[ExI] Extreme observational astronomy

Stephen Van Sickle sjv2006 at gmail.com
Wed Dec 11 21:00:28 UTC 2013


On Wed, Dec 11, 2013 at 8:29 AM, David Lubkin <lubkin at unreasonable.com>wrote:

Q: Assume Drexlerian molecular nanotechnology. If you took apart the solar
> system for raw materials, what is the largest effective diameter telescope
> you could create?
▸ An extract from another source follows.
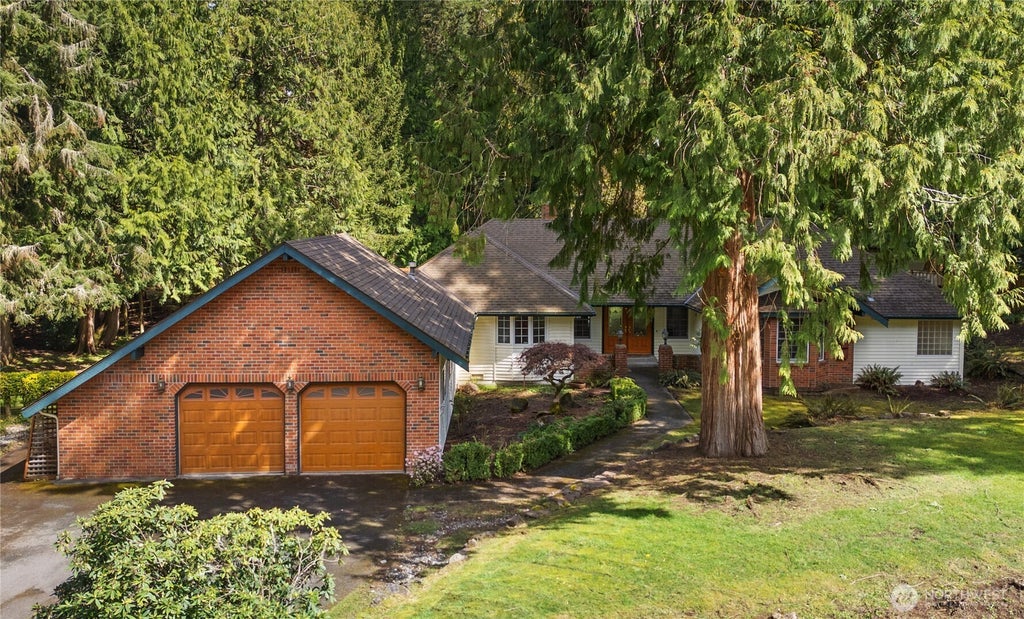 Tucked onto a lush, green corner lot, this peaceful Woodinville rambler offers the rare chance to completely reimagine a home in one of the area’s most desirable neighborhoods. The layout is warm and welcoming, with generous bedrooms, great flow, and brick accents that hint at the home’s enduring charm. An ideal canvas for thoughtful updates and high-end customization, the remodeled primary bath, new furnace, and completely upgraded crawlspace offer a head start. The oversized yard provides space to garden, play, or create your dream retreat and the expansive wraparound deck invites outdoor living. Complete with a two-car garage and extra parking, all just steps from the Tolt Pipeline Trail.

What would its capabilities be?
>

How about a gravitation focus telescope?  As I understand, the solar focus
starts at about 550 AU and extends usefully out to 1000 AU or more.  It is
a focal line rather than focal point, and extends along the line made by
the sun and the target object.  So the light detector could be a 500 AU
tether with EM sensors along its length, pointing at the Sun at one end,
and The Rest of the Universe at the other.  At 1 mg/meter mass, the tether
would be roughly 100,000 tons.

Now multiply that, with tethers pointing inward towards the sun and
outward, kinda like a sea urchin.  At 1 for every square kilometer of a
sphere at 550 AU, the total mass would be around 10^30 kg (assuming I
counted the zeros right, by no means a sure thing), roughly the mass of the
Sun.   But 1 tether every 1000 or 1000000 km^2 would put it in the range of
the mass of some planets.  And it need not be built round our sun, some
other systems may be better suited.  The resolution and light gathering
ability I leave as an exercise for the Student.  The engineering details, I
leave as an exercise for my post-human self.
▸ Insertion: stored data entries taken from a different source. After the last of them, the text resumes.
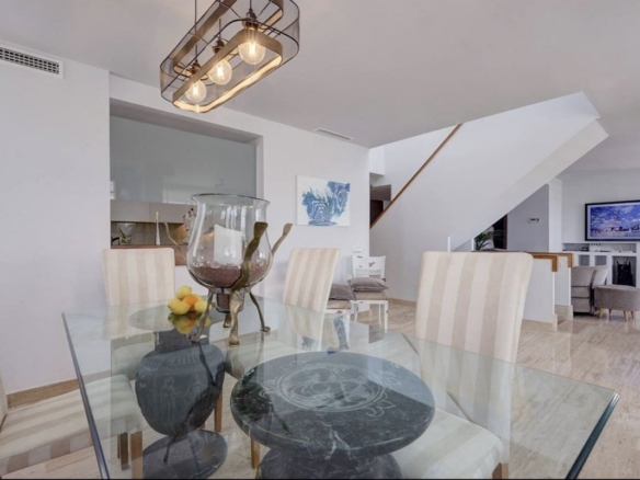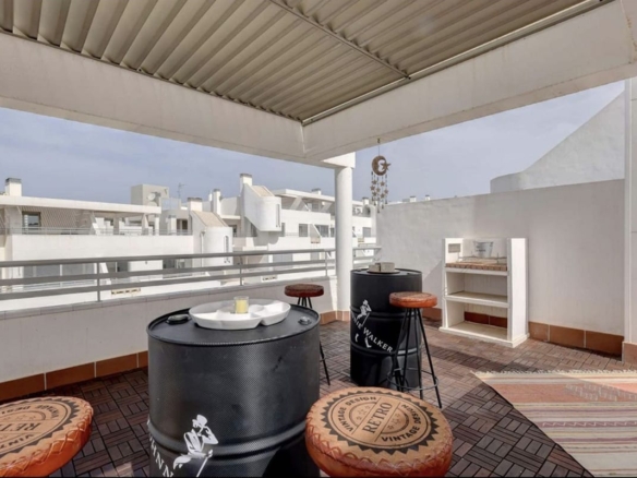 This rare gem on the market is an impeccably presented penthouse apartment, just a 5-minute drive from the picturesque La Cala de Mijas. Spanning three levels, the property welcomes you with an expansive living space that includes a lounge, dining area, separate kitchen, one bedroom, and a bathroom. The lounge features a cozy fireplace and opens onto a south-facing terrace. The abundance of natural light creates a bright and inviting atmosphere throughout the apartment.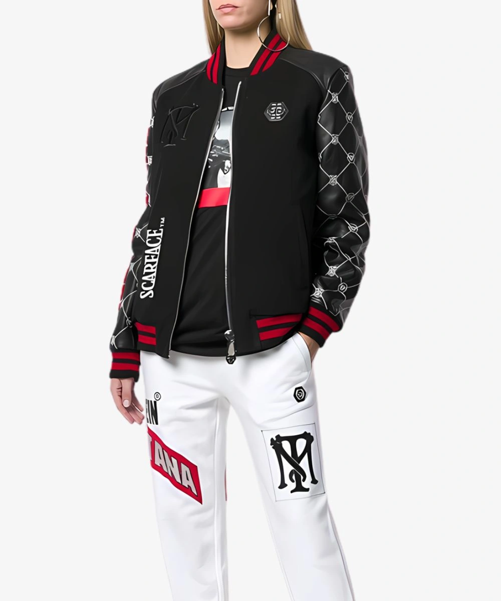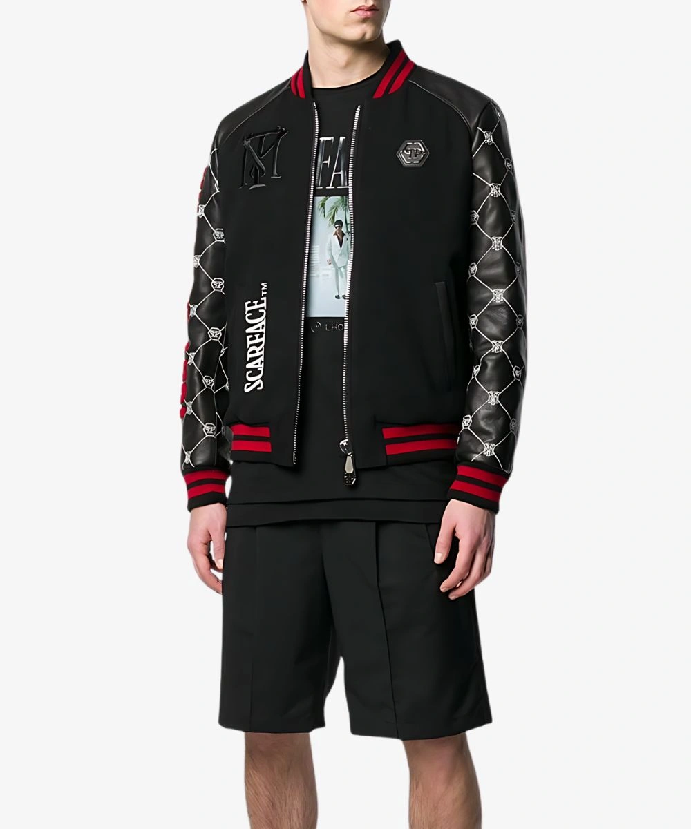 The Unisex Philipp Plein Tony Montana Leather Bomber Scarface Jacket – Black And Red is easy to style. Its sturdy front zipper shines through and ensures you stay cosy. It features a Tony Montana print with high contrast Philipp Plein Scarface embroidery at the back. Perfect for adding a cinematic energy to your looks, this jacket is lightweight yet offers a sharp fit. Whether you like a minimalist silhouette or a casual look, this jacket works with different styles. It has loose sleeves featuring the Tony Montana Lettering motif and two external pockets for storage, and a crisp white Scarface logo.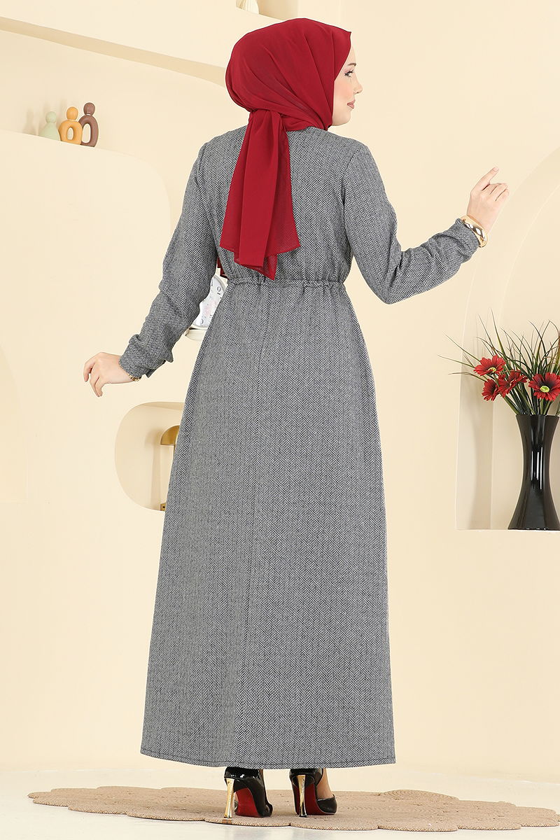 Beli Tünelli Balıksırtı Elbise 24090UKBK1160 Gri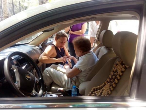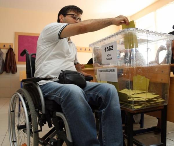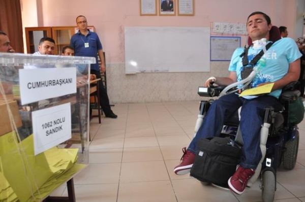 Münevver Küçükertunç, ameliyatının ardından yakınları tarafından oy kullanmaya sandalyeyle getirildi.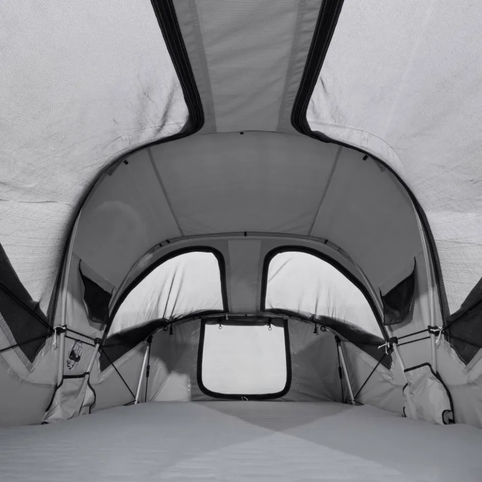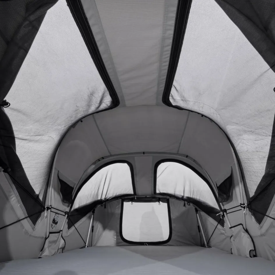 Am Stellplatz lässt sich das Dachzelt in nur wenigen Minuten zu einem gemütlichen Schlafplatz entfalten. So bleibt mehr Zeit zum Ankommen, Abschalten oder um frische Luft ins Zelt zu lassen.

As a guess, I would think that the resolution is considerably less than
that of Ander's design, but it would be collecting data from all directions
simultaneously rather than narrowly focused.  An All Seeing Eye.

Now, to extend this, in time honored extropian fashion:  You can have not
only EM detectors along the length of the tethers, but EM emitters.  Could
this not make a giant phased array transmitter, using the total power of
the central star, as collected by a Dyson swarm? Then, if you find any
aliens, you can send a message detectable with with whatever the alien
equivalent of fillings are.  Then you can use the phased array to send out
a power beam for sail probes to visit. Or, possibly, to fry the planet of
your potential competitors.

Now, of course, the Dyson swarm is an array of computronium, Thinking Deep
Thoughts on what the sea urchin array is seeing.  After a while of doing
this, not long in astronomical time, the self replicating probes the sea
urchin array have sent out start arriving at their destinations and build
their own Dyson swarms and sea urchin arrays.  In less than a million
years, the entire galaxy is not only a extra large size packet switch array
of computronium, but a galaxy sized telescope and phased array transmitter,
snooping on the neighbors and sending out the occasional Kardashev class 3
"Howdy, there!" to likely looking galaxies.

I will stop there, lest even my head spontaneously detonate.